Automation behavior:

- `PR Labeler` applies `size:*` labels from effective changed lines.
- Docs-only/lockfile-heavy PRs are normalized to avoid size inflation.

## 6) AI/Agent Contribution Policy

AI-assisted PRs are welcome, and review can also be agent-assisted.

Required:

1. Clear PR summary with scope boundary.
2. Explicit test/validation evidence.
3. Security impact and rollback notes for risky changes.

Recommended:

1. Brief tool/workflow notes when automation materially influenced the change.
2. Optional prompt/plan snippets for reproducibility.

We do **not** require contributors to quantify AI-vs-human line ownership.

Review emphasis for AI-heavy PRs:

- Contract compatibility
- Security boundaries
- Error handling and fallback behavior
- Performance and memory regressions

## 7) Review SLA and Queue Discipline

- First maintainer triage target: within 48 hours.
- If PR is blocked, maintainer leaves one actionable checklist.
- `stale` automation is used to keep queue healthy; maintainers can apply `no-stale` when needed.
- `pr-hygiene` automation checks open PRs every 12 hours and posts a nudge when a PR has no new commits for 48+ hours and is either behind `main` or missing/failing `CI Required Gate` on the head commit.

Backlog pressure controls:

- Use a review queue budget: limit concurrent deep-review PRs per maintainer and keep the rest in triage state.
- For stacked work, require explicit `Depends on #...` so review order is deterministic.
- If a new PR replaces an older open PR, require `Supersedes #...` and close the older one after maintainer confirmation.
- Mark dormant/redundant PRs with `stale-candidate` or `superseded` to reduce duplicate review effort.

Issue triage discipline:

- `r:needs-repro` for incomplete bug reports (request deterministic repro before deep triage).
- `r:support` for usage/help items better handled outside bug backlog.
- `invalid` / `duplicate` labels trigger **issue-only** closing automation with guidance.

Automation side-effect guards:

- `Auto Response` deduplicates label-based comments to avoid spam.
- Automated close routes are limited to issues, not PRs.
- Maintainers can freeze automated risk recalculation with `risk: manual` when context demands human override.
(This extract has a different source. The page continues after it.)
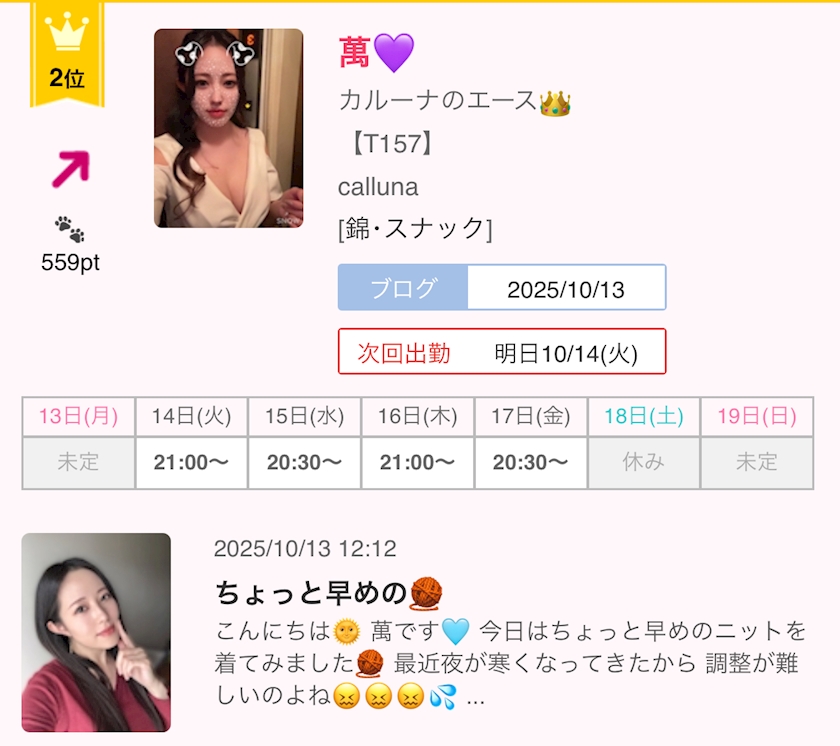 錦・スナック・女の子ランキングで

## 8) Security and Stability Rules

Changes in these areas require stricter review and stronger test evidence:

- `src/security/**`
- runtime process management
- gateway ingress/authentication behavior (`src/gateway/**`)
- filesystem access boundaries
- network/authentication behavior
- GitHub workflows and release pipeline
- tools with execution capability (`src/tools/**`)

Minimum for risky PRs:

- threat/risk statement
- mitigation notes
- rollback steps

Recommended for high-risk PRs:

- include a focused test proving boundary behavior
- include one explicit failure-mode scenario and expected degradation

For agent-assisted contributions, reviewers should also verify the author demonstrates understanding of runtime behavior and blast radius.

## 9) Failure Recovery

If a merged PR causes regressions:

1. Revert PR immediately on `main`.
2. Open a follow-up issue with root-cause analysis.
3. Re-introduce fix only with regression tests.

Prefer fast restore of service quality over delayed perfect fixes.

## 10) Maintainer Checklist (Merge-Ready)

- Scope is focused and understandable.
- CI gate is green.
- Docs-quality checks are green when docs changed.
- Security impact fields are complete.
- Privacy/data-hygiene fields are complete and evidence is redacted/anonymized.
- Agent workflow notes are sufficient for reproducibility (if automation was used).
- Rollback plan is explicit.
- Commit title follows Conventional Commits.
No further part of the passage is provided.